Search the data below for the string "living" and copy all lines where it shows up.

**Information:**
■ ■ ■ ■

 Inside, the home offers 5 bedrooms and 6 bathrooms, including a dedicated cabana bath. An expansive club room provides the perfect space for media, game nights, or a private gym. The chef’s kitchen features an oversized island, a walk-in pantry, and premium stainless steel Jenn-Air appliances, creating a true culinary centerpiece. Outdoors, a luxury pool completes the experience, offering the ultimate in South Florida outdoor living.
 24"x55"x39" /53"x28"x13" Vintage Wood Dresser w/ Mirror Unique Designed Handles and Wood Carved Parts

■ ■ ■ ■

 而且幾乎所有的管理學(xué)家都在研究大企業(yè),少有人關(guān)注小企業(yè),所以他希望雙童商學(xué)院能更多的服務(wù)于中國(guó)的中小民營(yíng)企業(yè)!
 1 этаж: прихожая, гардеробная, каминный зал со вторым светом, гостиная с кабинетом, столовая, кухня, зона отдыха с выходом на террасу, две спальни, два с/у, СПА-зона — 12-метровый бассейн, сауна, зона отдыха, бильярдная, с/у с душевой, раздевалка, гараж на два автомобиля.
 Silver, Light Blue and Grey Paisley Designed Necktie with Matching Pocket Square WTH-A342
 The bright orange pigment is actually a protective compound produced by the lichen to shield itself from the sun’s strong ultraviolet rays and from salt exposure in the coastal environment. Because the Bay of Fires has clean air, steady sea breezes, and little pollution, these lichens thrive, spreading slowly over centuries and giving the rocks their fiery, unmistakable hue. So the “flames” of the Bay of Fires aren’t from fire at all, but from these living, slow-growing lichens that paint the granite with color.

■ ■ ■ ■

**Task output:**
 Inside, the home offers 5 bedrooms and 6 bathrooms, including a dedicated cabana bath. An expansive club room provides the perfect space for media, game nights, or a private gym. The chef’s kitchen features an oversized island, a walk-in pantry, and premium stainless steel Jenn-Air appliances, creating a true culinary centerpiece. Outdoors, a luxury pool completes the experience, offering the ultimate in South Florida outdoor living.
 The bright orange pigment is actually a protective compound produced by the lichen to shield itself from the sun’s strong ultraviolet rays and from salt exposure in the coastal environment. Because the Bay of Fires has clean air, steady sea breezes, and little pollution, these lichens thrive, spreading slowly over centuries and giving the rocks their fiery, unmistakable hue. So the “flames” of the Bay of Fires aren’t from fire at all, but from these living, slow-growing lichens that paint the granite with color.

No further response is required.